A rigor, a presidente Dilma Rousseff não precisaria ter-se dado ao trabalho de discursar na abertura da primeira reunião ministerial do segundo mandato. Bastaria ter distribuído à imprensa cópias de seu pronunciamento de posse e teria poupado o distinto público de 40 minutos de uma arenga que só serviu para confirmar o que todo mundo já sabe: ela não tem nada de novo a dizer.
Talvez a única diferença entre a fala presidencial de agora e a da solenidade de posse no Congresso Nacional tenha sido a preocupação de dar grande ênfase, mediante repetições exaustivas, à ideia de "gestão petista", que abrange 12 anos desde a primeira posse de Lula, em vez de se concentrar nos 4 anos do primeiro mandato da reeleita. Foi o recurso a que Dilma recorreu para poder se vangloriar, por exemplo, de que "nos últimos 12 anos, foram gerados 20,6 milhões de empregos formais". É claro que não entrou em detalhes sobre a qualidade desses empregos medida pelo nível salarial, nem sobre o fato de que os 396 mil empregos criados em 2014 representam uma queda de 64% em relação a 2013.
O grande problema que, de qualquer modo, tornaria missão quase impossível oferecer à Nação um projeto de governo consistente para os próximos 4 anos - afinal, imagina-se, este era o objetivo da reunião ministerial - é o fato de que Dilma Rousseff e seus associados estão mergulhados até o pescoço numa incômoda contradição.
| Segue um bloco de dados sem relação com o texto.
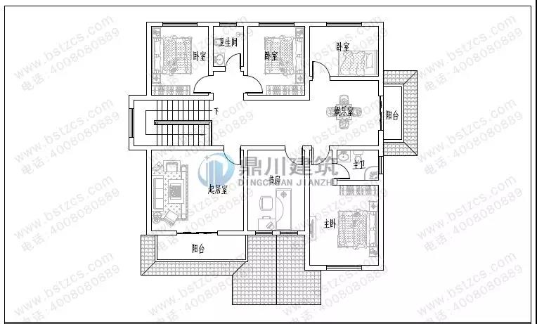 二 層:起居室、娛樂室(附露臺)、臥室(附書房,陽臺,衛生間)、3臥室、衛生間
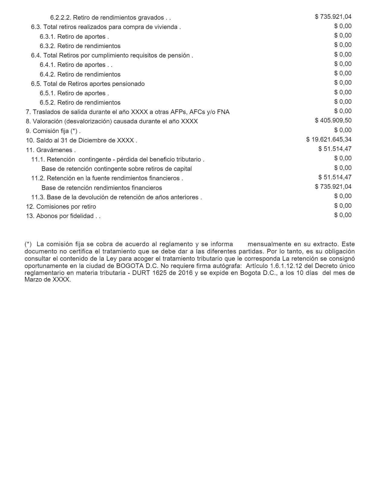 Es un documento que certifica tus aportes a pensiones voluntarias en Colfondos. Contiene información como: valor de los aportes, retenciones practicadas y movimientos en el año que desees consultar.
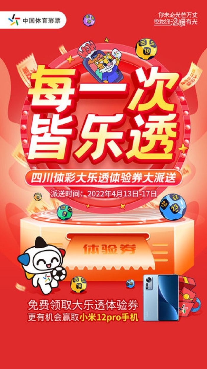 四川体彩为回馈购彩者长期以来对超级大乐透游戏的支持和热爱,在4月13日至4月17日期间,通过线上推广并向四川省用户发放大乐透游戏体验券,用户在四川省体彩网点购买大乐透且单张票面金额大于体验券金额时可使用体验券;使用体验券后还可参与二次抽奖,有机会获得小米12Pro手机。(详情资讯“四川体彩网”官方活动公告)。
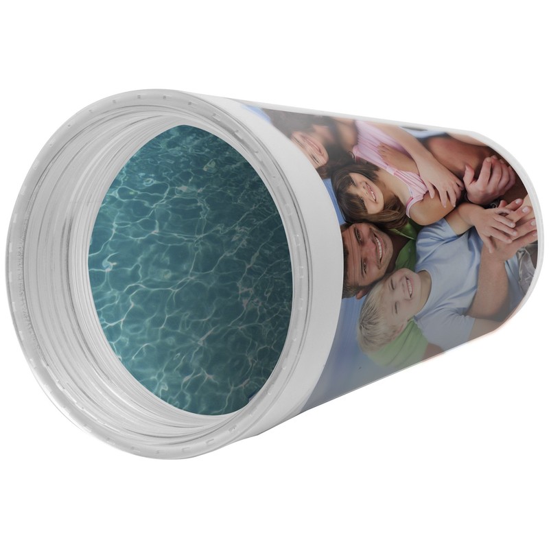 - Holds two inserts, one viewable from the inside and one viewable from the outside
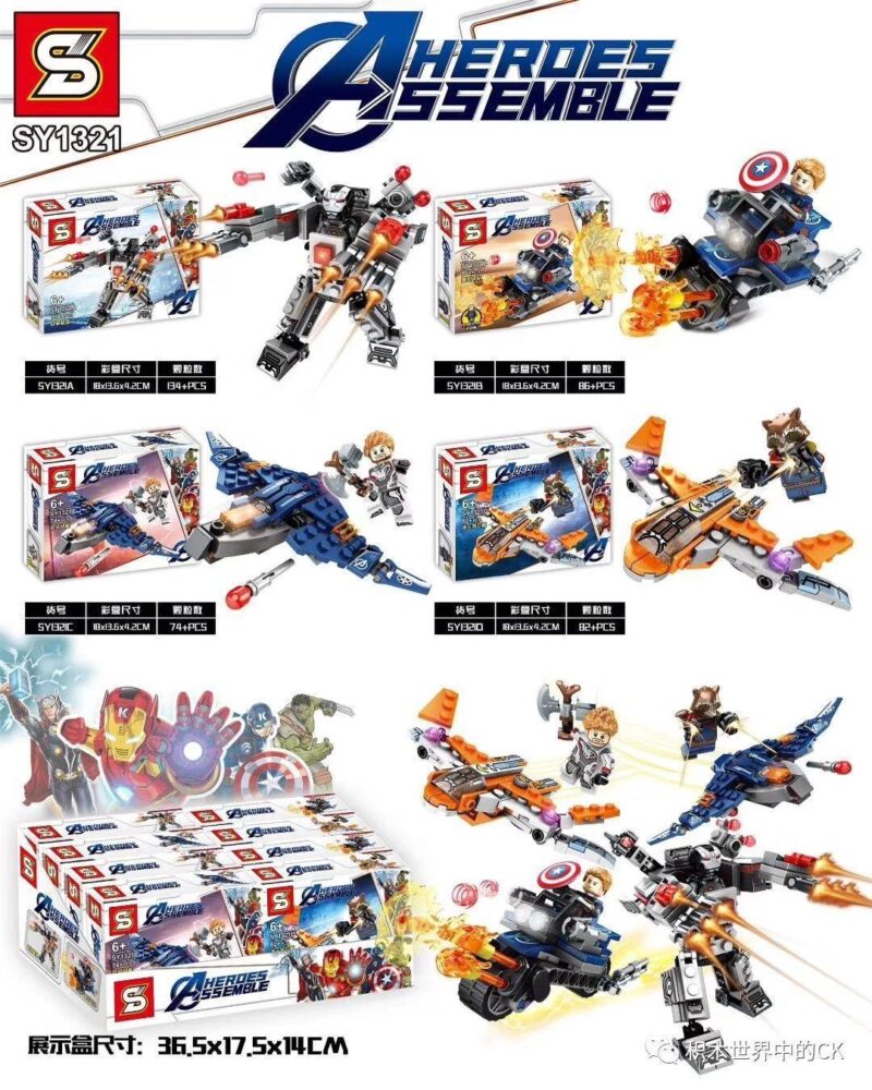 Bộ sản phẩm SY1321 là một bộ sưu tập 4 trong 1, bao gồm 4 mô hình riêng biệt: Robot War Machine Buster, Mô tô của Captain America, Phi cơ Quinjet của Thor, và Tàu vũ trụ Milano của Rocket Raccoon. Đi kèm với mỗi mô hình là một minifigure siêu anh hùng tương ứng, tổng cộng có 4 minifigures trong cả bộ.
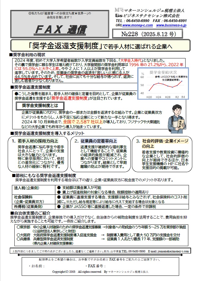 中小企業の経営者及び総務経理担当者・相続関係者向けに、「知って得する」「知らないと損する」税務情報を、メルマガ、FAX、冊子の3種類の媒体でお届け。
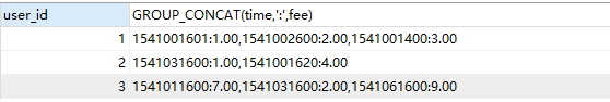 select user_id,GROUP_CONCAT(time,':',fee) from consumption group by user_id
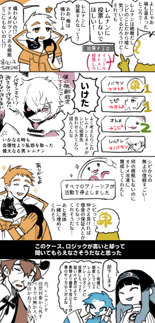 絶人2、破綻1、グレー1の状態を「投票するな」でなんとか言いくるめて勝利した回の話。
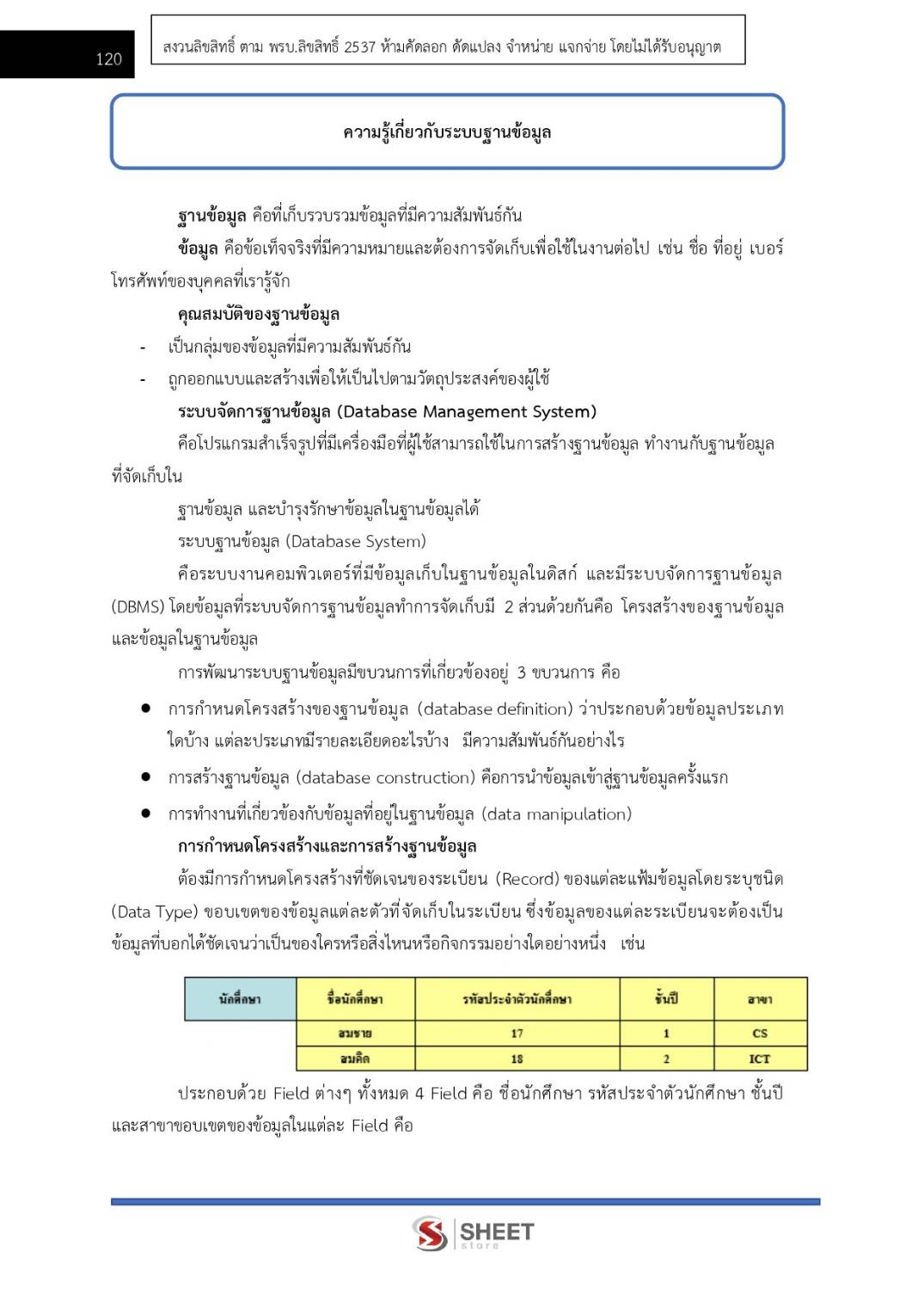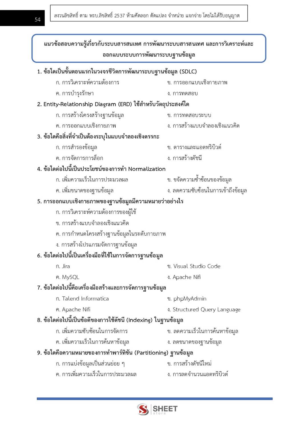 – แนวข้อสอบความรู้เกี่ยวกับระบบสารสนเทศ การพัฒนาระบบสารสนเทศ และการวิเคราะห์และออกแบบระบบการพัฒนาระบบฐานข้อมูล

Acostumados à gastança, austeridade é a palavra de ordem para toda a equipe do governo daqui para a frente: "Estamos diante da necessidade de promover um reequilíbrio fiscal para recuperar o crescimento da economia o mais rápido possível, criando condições para a queda da inflação e da taxa de juros no médio prazo e garantindo, assim, a continuidade da geração de emprego e da renda". Tais palavras saíram obviamente remoídas.
Promover "reequilíbrio" fiscal só é necessário quando existe desequilíbrio. Só se pode "recuperar" o que se perdeu - no caso, o crescimento da economia. E só se fala em "queda da inflação e da taxa de juros" quando ambas estão altas. Já a "continuidade" da geração de empregos é hoje um exercício de imaginação. Colocar essas questões essenciais nesses termos é o mais perto que, em sua estupenda soberba, Dilma Rousseff consegue chegar de uma autocrítica. Afinal, todos os problemas citados são realizações de seu governo.
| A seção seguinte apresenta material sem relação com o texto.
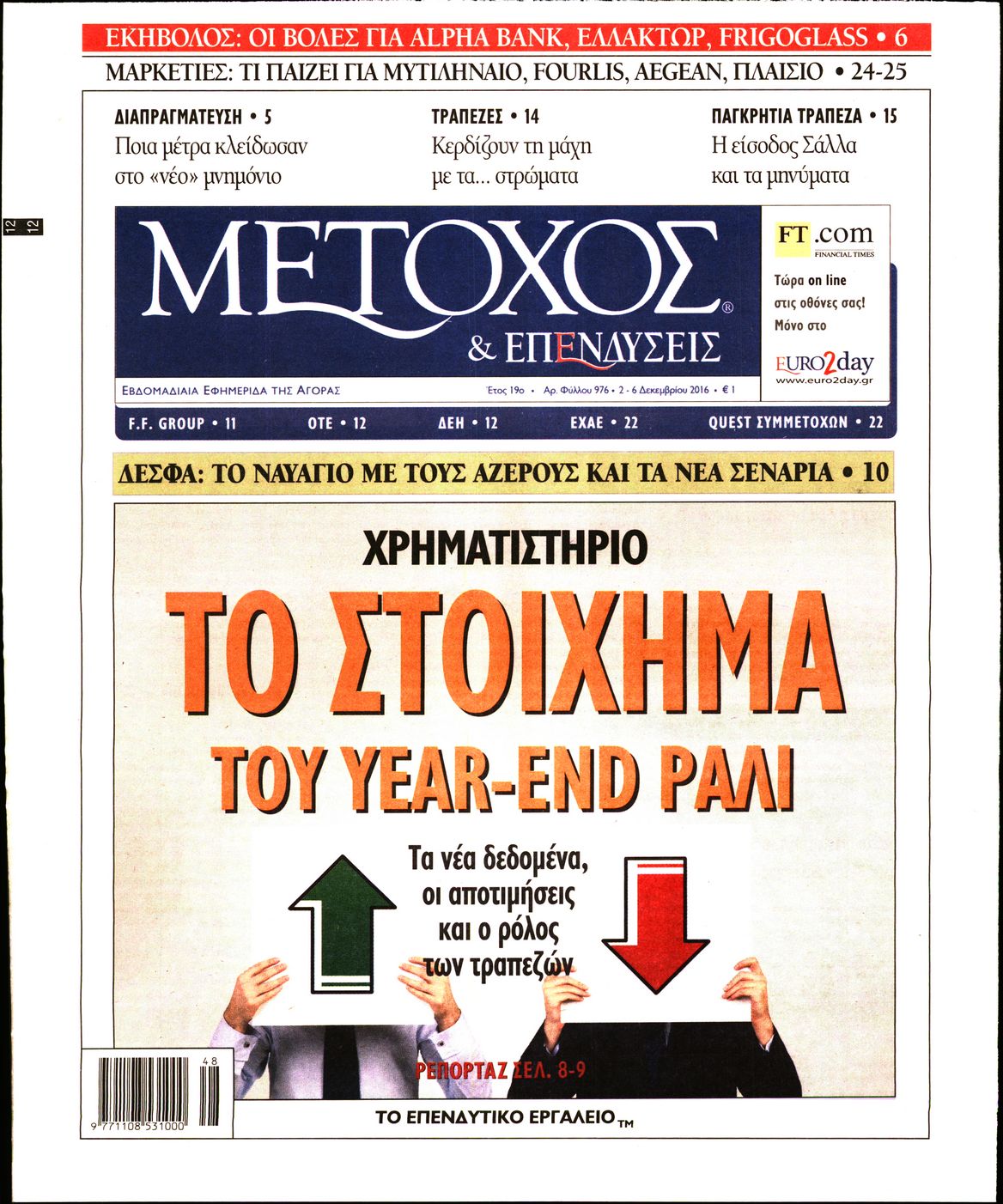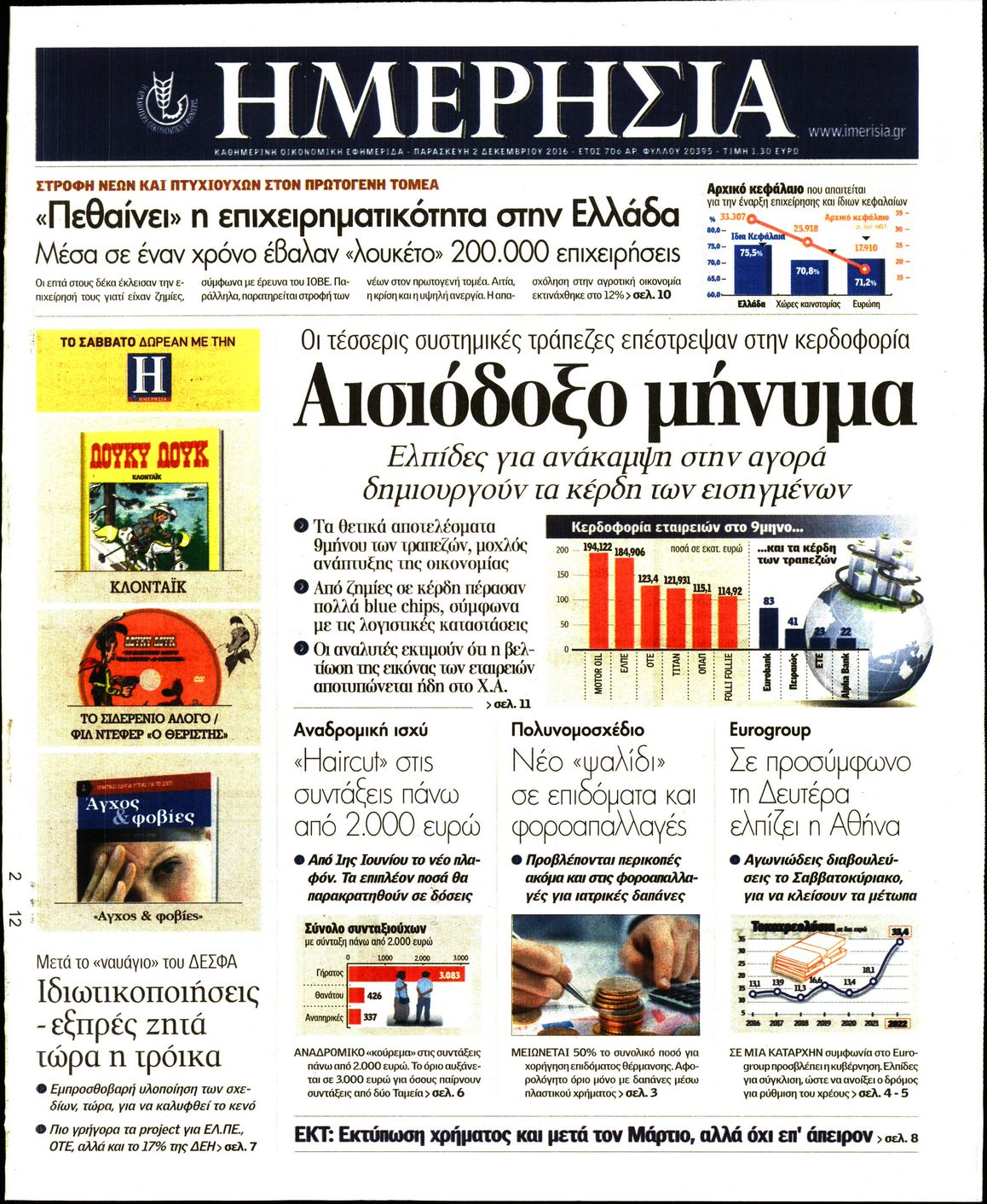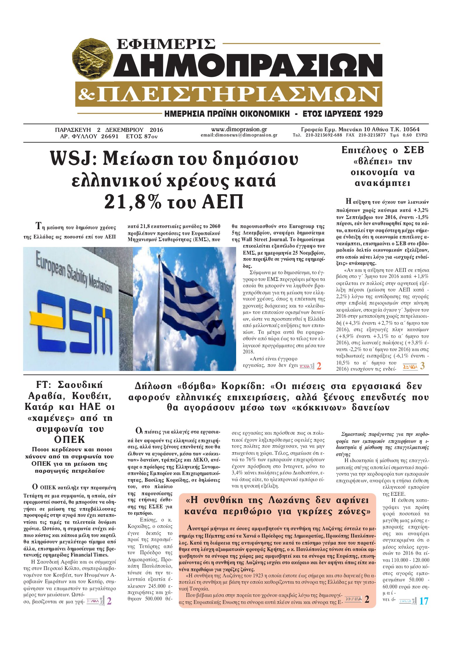 Οι οικονομικές εφημερίδες 2/12/2016 Enikos Newsroom 00:48, Παρασκευή 02 Δεκεμβρίου 2016 Media Διαβάστε τα σημερινά πρωτοσέλιδα των οικονομικών εφημερίδων: ΟΙΚΟΝΟΜΙΚΕΣ ΕΦΗΜΕΡΙΔΕΣ ΠΡΩΤΟΣΕΛΙΔΑ Μοιράσου το: σχολίασε κι εσύ (0 σχόλια) Ακολουθήστε το enikos.gr στο Google News και μάθετε πρώτοι όλες τις ειδήσεις Δείτε όλες τις τελευταίες ειδήσεις από την Ελλάδα και τον Κόσμο στο enikos.gr Ειδήσεις Ροή Ειδήσεων 1 ώρα πριν Έρευνα MRB: Η πρόθεση ψήφου και τα σημαντικότερα προβλήματα – Οι «λέξεις» που εκφράζουν τους πολίτες 1 ώρα πριν Αλαλούμ με τις πληρωμές στους αγρότες: Δεν καταβλήθηκε η Βασική Ενίσχυση, αλλά έγινε παρακράτηση της εισφοράς στον ΕΛΓΑ – Τι απαντά η κυβέρνηση 2 ώρες πριν Ανδρέας Παναγιωτόπουλος: Δεν ψήφισε στον προϋπολογισμό για να πάει στην εκδήλωση του Αλέξη Τσίπρα – «Μείζονος πολιτικής σημασίας η μεγάλη συγκέντρωση που έκανε» 3 ώρες πριν Ρομπ Ράινερ: Το δείπνο με τους Ομπάμα που δεν έγινε ποτέ και νέα στοιχεία για τον «καβγά» στο πάρτι – Βίντεο με τον γιο του να περιφέρεται κοντά στο σπίτι της τραγωδίας 2 ώρες πριν Κυψέλη: Μαθητές κλείδωσαν τους καθηγητές μέσα στο Γυμνάσιο μετά την επίθεση με μαχαίρι 58 λεπτά πριν Τα 4 ζώδια που ξαναβρίσκουν τον εαυτό τους – «Μπαίνετε επιτέλους στην ουσία των πραγμάτων» 5 ώρες πριν Οπτική ψευδαίσθηση: Μόνο αν είσαι ο Σέρλοκ Χολμς θα βρεις τον σκύλο σε 15 δευτερόλεπτα 3 ώρες πριν Νεολιθικός σκύλος βρέθηκε προσεκτικά θαμμένος στον βυθό λίμνης – Δίπλα του βρέθηκε ένα στιλέτο 2 ώρες πριν Έλαβε τελεσίγραφο από τη σύντροφό του – «Μου είπε πως ή θα της κάνω πρόταση στα δύο χρόνια σχέσης ή θα με χωρίσει» 2 λεπτά πριν ΕΕ: Συνάντηση με τους ηγέτες των Δυτικών Βαλκανίων πριν από τη Σύνοδο Κορυφής – Οι χώρες που έχουν προβάδισμα ένταξης 8 λεπτά πριν Θεσσαλονίκη: Έξι λεωφορειακές γραμμές σε 24ωρη λειτουργία μέσα στις γιορτές 13 λεπτά πριν Ταλαιπωρία για επιβάτες του Προαστιακού λόγω τεχνικού προβλήματος – Αμαξοστοιχία έφτασε στον προορισμό της με καθυστέρηση 87 λεπτών 18 λεπτά πριν Εξεταστική ΟΠΕΚΕΠΕ – Μυλωνάκης: «Ουδέποτε είχα πληροφόρηση ή ενημέρωσα οποιονδήποτε για επισυνδέσεις της δικογραφίας» 23 λεπτά πριν «Δεν είχα κλάψει από τότε που διαγνώστηκα με καρκίνο, ώσπου ένα τηλεφώνημα με έκανε να λυγίσω» – Η συγκλονιστική εξομολόγηση ενός άνδρα ENIKOS NETWORK Ανησυχητική αύξηση της υπέρτασης στα παιδιά – Πώς θα τα προστατέψουμε; Αδενώματα Υπόφυσης: Μια πάθηση καλοήθης, αλλά όχι αθώα ΕΕ: Γιατί η Ελλάδα ξεχωρίζει στις ασφαλείς συναλλαγές-πληρωμές στην ΕΕ Ειδικό επιδοτούμενο πρόγραμμα κατάρτισης της ΔΥΠΑ για ανέργους: Αρχίζει σήμερα η υποβολή ενστάσεων-Ποιους αφορά Σύγχρονος Νοστράδαμος: Προειδοποιεί για «μεγάλο γεγονός» τους επόμενους μήνες που θα συγκλονίσει τη Βρετανία και τον κόσμο Τεστ παρατηρητικότητας: Μπορείτε να βρείτε τις 3 διαφορές στις εικόνες με έναν πιγκουίνο σε 14 δευτερόλεπτα περισσότερα 09:08 , Τετάρτη 17 Δεκεμβρίου 2025 Τηλεθέαση (16/12): Ανακατατάξεις στην πρωινή ψυχαγωγική ζώνη Ξεκάθαρη πρωτιά στην τηλεθέαση για την «Super Κατερίνα» στο δυναμικό κοινό με ποσοστό 18,5%, α... 08:00 , Τετάρτη 17 Δεκεμβρίου 2025 Την Κυριακή με τη Realnews: Δωροεπιταγή 10€ Δωροεπιταγή αξίας 10€ για αγορές άνω των 60€ από τα πολυκαταστήματα FactoryOutlet H προσφορά ι... 07:00 , Τετάρτη 17 Δεκεμβρίου 2025 Την Κυριακή με τη Realnews: Ό,τι και αν αγοράσεις, σκανάρεις και κερδίζεις! Την Κυριακή με τη Realnews: Ό,τι και αν αγοράσεις, σκανάρεις και κερδίζεις! Με το PADU app, το... 05:48 , Τετάρτη 17 Δεκεμβρίου 2025 Ο

A grande contradição resulta de que, para o petismo, austeridade e conquistas sociais são incompatíveis. E Dilma, a seu modo, admitiu isso ao argumentar que é preciso mudar: "Nós absorvemos a maior parte das mudanças (...) no cenário econômico e climático em nossas contas fiscais para preservar o emprego e a renda. Nós reduzimos nosso resultado primário para combater os efeitos adversos desses choques sobre nossa economia e proteger nossa população".
O discurso populista da preservação "a qualquer custo" das conquistas sociais é tão essencial ao "governo dos trabalhadores" - como definiu a presidente em seu pronunciamento - que Dilma simplesmente não admite que a nova política de austeridade implicará, necessariamente, reduzir alguns benefícios trabalhistas, como já foi feito com o seguro-desemprego, o abono salarial, a pensão por morte e o auxílio-doença. Para a presidente, trata-se apenas de "adequar", com medidas de caráter "corretivo", os benefícios trabalhistas "às novas condições socioeconômicas do País". Não se deu ao trabalho de explicar quais são essas "novas condições". Nem quem as produziu nem por quê.
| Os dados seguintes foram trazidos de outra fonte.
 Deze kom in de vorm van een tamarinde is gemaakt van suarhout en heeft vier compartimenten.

Outro ponto a destacar na fala presidencial é, também, uma enormidade. Tratando do escândalo da Petrobrás, aquele com o qual ela não tem nada a ver, Dilma saiu em defesa das empreiteiras que se acumpliciaram com lideranças políticas e seus operadores para sangrar a maior estatal brasileira:
"Nós devemos punir as pessoas e não destruir as empresas. As empresas, elas são essenciais para o Brasil". São palavras surpreendentes para quem, há menos de um mês, jurou solenemente respeitar e fazer respeitar as leis do País. Pois está em vigor a Lei Anticorrupção, sancionada por ela mesma, que pune empresas delinquentes assim como pessoas físicas criminosas. Ao pregar a impunidade, a presidente Dilma Rousseff escolhe claramente de que lado quer ficar: do lado oposto da lei e contra a gente honesta deste país.